Output the whole listing exactly, except for the pictures in it.

**The data**:
----------------

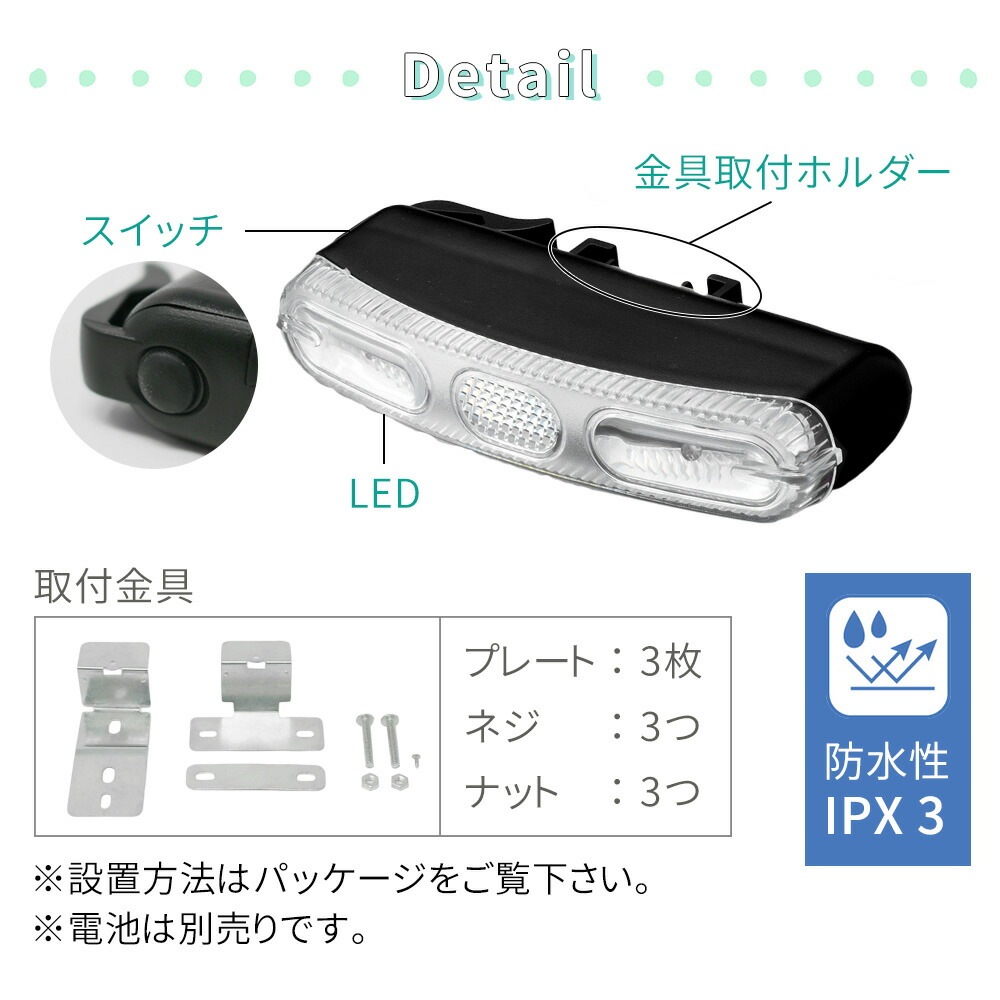 LED サイクルライト 自転車ライト IPX3 LEDライト 前かご用 前かご用サイクルライト かご下サイクルライト 乾電池 乾電池式 高輝度 点滅 点灯 白色LED2個 LEDライト LED自転車ライト 白色サイクルライト
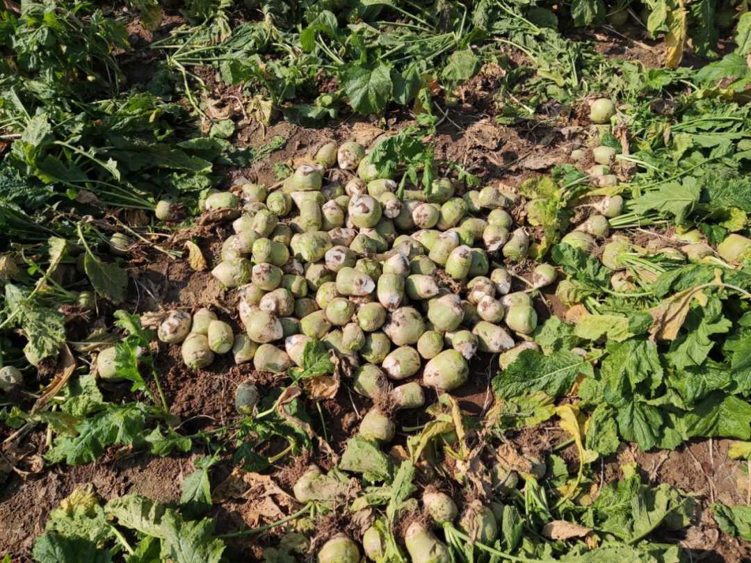芥菜,也叫辣菜疙瘩,形状似萝卜,但是入口是一股辣味,没有萝卜的清香。在菜农地里,芥菜一般和白菜为邻,几块白菜地里就会夹着一块芥菜地,两种菜秉性相同,往往一起播种,一起收获。白菜被腌成酸菜,芥菜则被腌成“咸菜疙瘩”。
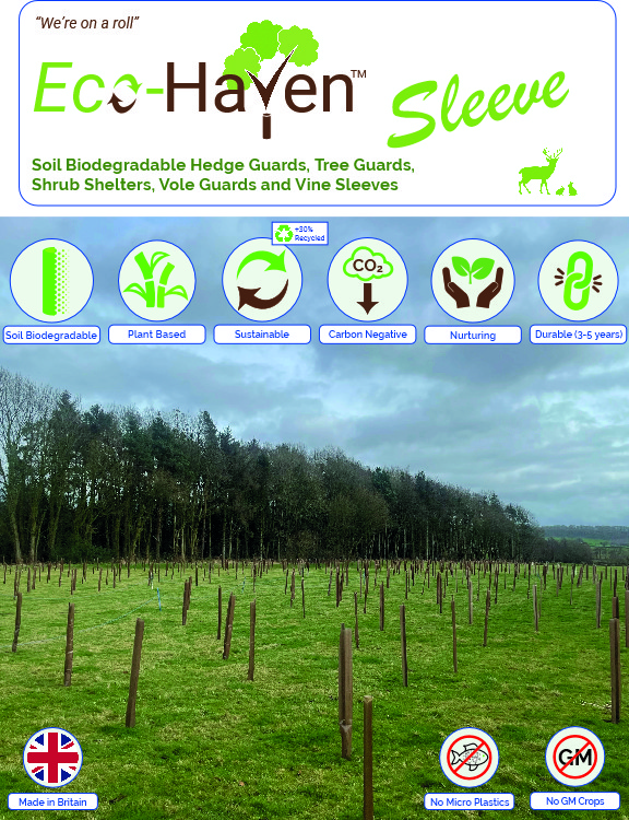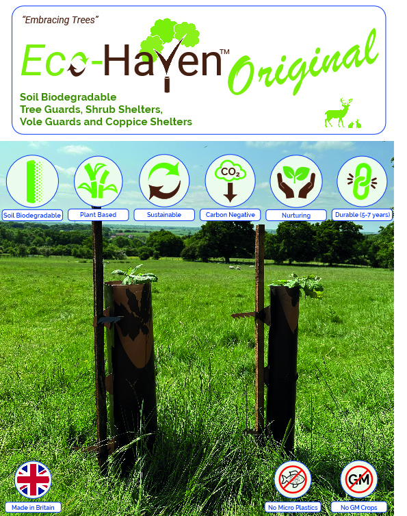Eco-Haven™, and Eco-Haven™ Sleeve, are a novel new range of biodegradable, but highly durable, protective tree guards, shrub shelters, vole guards and hedge/vine sleeves.

----------------

**Task response**:
 LED サイクルライト 自転車ライト IPX3 LEDライト 前かご用 前かご用サイクルライト かご下サイクルライト 乾電池 乾電池式 高輝度 点滅 点灯 白色LED2個 LEDライト LED自転車ライト 白色サイクルライト
芥菜,也叫辣菜疙瘩,形状似萝卜,但是入口是一股辣味,没有萝卜的清香。在菜农地里,芥菜一般和白菜为邻,几块白菜地里就会夹着一块芥菜地,两种菜秉性相同,往往一起播种,一起收获。白菜被腌成酸菜,芥菜则被腌成“咸菜疙瘩”。
Eco-Haven™, and Eco-Haven™ Sleeve, are a novel new range of biodegradable, but highly durable, protective tree guards, shrub shelters, vole guards and hedge/vine sleeves.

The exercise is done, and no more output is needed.